Source data Block Start

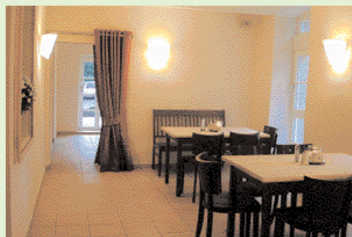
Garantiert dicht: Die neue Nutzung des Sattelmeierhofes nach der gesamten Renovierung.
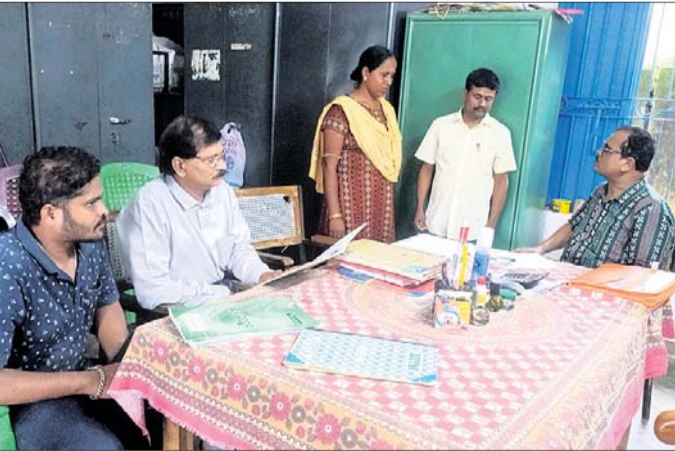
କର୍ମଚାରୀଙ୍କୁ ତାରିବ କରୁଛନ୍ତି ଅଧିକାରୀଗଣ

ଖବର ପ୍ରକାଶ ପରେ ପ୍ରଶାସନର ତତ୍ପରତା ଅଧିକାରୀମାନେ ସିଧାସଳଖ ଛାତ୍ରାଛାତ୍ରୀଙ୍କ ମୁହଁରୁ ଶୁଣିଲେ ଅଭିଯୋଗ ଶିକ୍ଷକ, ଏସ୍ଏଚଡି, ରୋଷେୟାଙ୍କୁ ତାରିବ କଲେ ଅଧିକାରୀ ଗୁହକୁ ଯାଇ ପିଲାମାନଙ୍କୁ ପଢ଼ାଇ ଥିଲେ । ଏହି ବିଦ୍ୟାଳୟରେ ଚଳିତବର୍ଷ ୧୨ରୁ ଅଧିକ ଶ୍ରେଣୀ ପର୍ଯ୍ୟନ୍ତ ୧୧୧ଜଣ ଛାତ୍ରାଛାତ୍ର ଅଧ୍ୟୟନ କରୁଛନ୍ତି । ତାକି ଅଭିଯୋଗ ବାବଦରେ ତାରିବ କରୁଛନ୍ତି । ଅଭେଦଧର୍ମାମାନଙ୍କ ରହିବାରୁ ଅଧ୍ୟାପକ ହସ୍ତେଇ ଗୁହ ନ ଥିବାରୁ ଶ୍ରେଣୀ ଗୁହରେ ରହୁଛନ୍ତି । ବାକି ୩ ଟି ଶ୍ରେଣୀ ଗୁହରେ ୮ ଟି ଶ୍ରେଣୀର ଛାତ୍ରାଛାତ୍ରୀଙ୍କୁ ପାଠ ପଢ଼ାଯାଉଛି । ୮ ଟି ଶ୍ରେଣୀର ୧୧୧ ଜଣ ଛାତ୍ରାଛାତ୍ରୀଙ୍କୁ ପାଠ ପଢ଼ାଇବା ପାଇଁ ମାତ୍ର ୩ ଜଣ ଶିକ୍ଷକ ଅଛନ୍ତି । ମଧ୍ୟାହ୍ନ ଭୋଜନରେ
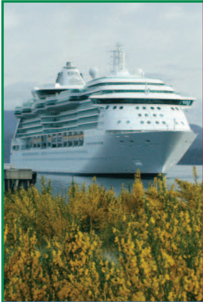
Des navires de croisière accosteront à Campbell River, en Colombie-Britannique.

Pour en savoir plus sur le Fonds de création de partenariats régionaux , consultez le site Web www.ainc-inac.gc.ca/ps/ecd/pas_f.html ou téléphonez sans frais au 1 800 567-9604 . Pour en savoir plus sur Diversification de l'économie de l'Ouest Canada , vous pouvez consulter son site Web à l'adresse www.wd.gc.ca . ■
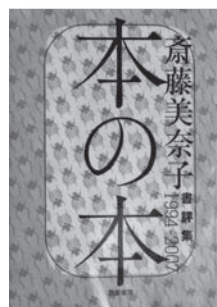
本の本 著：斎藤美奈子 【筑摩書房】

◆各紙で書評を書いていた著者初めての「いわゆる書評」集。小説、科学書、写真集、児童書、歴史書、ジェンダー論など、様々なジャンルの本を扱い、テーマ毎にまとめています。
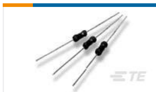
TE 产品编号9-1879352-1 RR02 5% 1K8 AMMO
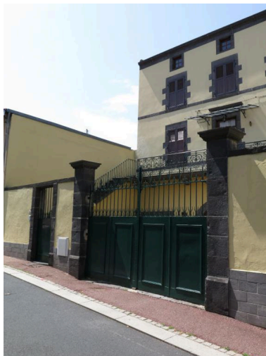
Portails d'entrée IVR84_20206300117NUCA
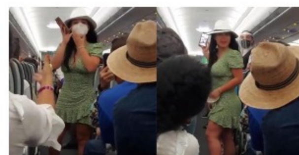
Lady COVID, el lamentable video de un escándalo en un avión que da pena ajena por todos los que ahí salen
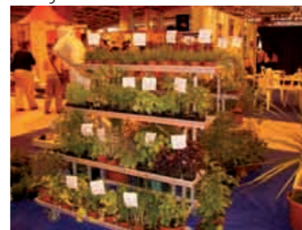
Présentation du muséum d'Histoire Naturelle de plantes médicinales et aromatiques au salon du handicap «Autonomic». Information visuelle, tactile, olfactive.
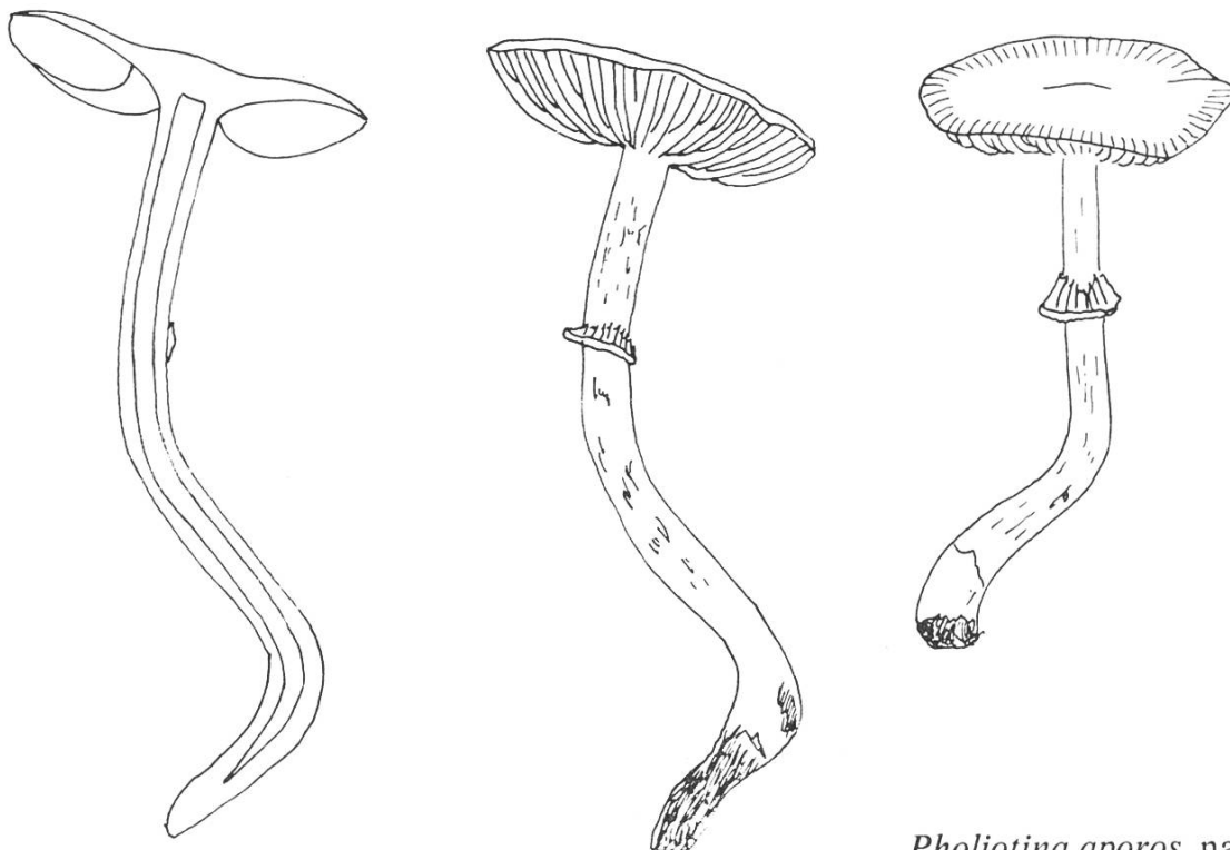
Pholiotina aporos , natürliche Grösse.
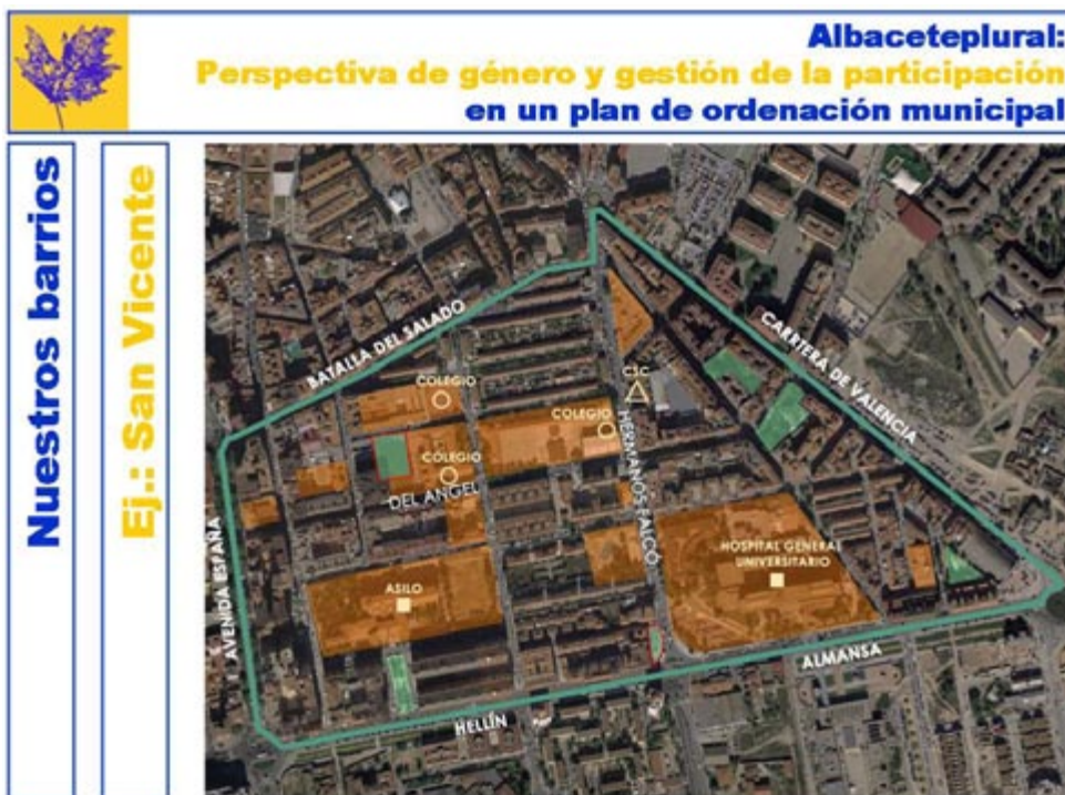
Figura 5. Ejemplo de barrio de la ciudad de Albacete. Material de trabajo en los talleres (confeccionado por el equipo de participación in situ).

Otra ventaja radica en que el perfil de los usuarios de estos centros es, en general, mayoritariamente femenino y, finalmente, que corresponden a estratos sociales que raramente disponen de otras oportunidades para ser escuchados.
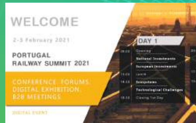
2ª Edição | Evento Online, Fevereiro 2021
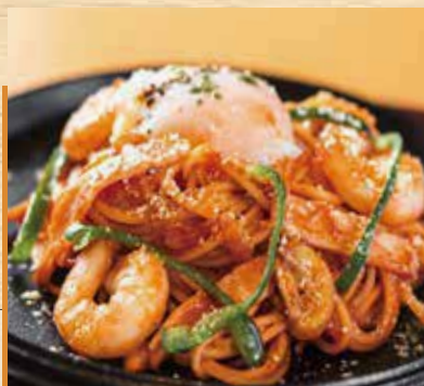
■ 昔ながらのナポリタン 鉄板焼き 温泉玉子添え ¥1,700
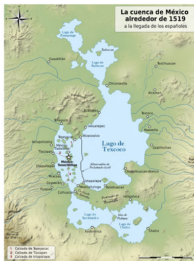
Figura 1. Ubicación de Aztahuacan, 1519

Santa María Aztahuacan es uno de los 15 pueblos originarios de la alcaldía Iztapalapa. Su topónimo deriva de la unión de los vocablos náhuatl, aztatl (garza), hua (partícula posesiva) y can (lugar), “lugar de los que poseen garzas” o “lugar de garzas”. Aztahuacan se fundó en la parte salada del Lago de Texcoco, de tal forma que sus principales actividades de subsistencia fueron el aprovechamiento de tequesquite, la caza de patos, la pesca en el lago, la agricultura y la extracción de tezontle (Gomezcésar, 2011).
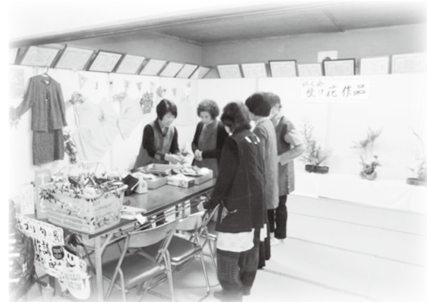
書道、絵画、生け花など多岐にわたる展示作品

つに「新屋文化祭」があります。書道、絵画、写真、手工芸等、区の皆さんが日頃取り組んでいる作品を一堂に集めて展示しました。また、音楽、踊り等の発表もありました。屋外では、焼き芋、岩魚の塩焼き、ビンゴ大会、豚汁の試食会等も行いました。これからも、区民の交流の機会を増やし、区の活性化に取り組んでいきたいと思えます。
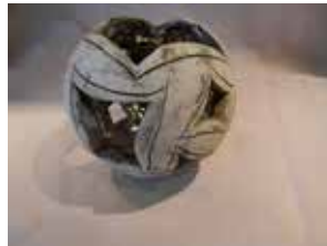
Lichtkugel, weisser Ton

Source data Block End

About this exercise -
Count each line of the material that includes the string "Aztahuacan", then give only the total.

Problem solution -
2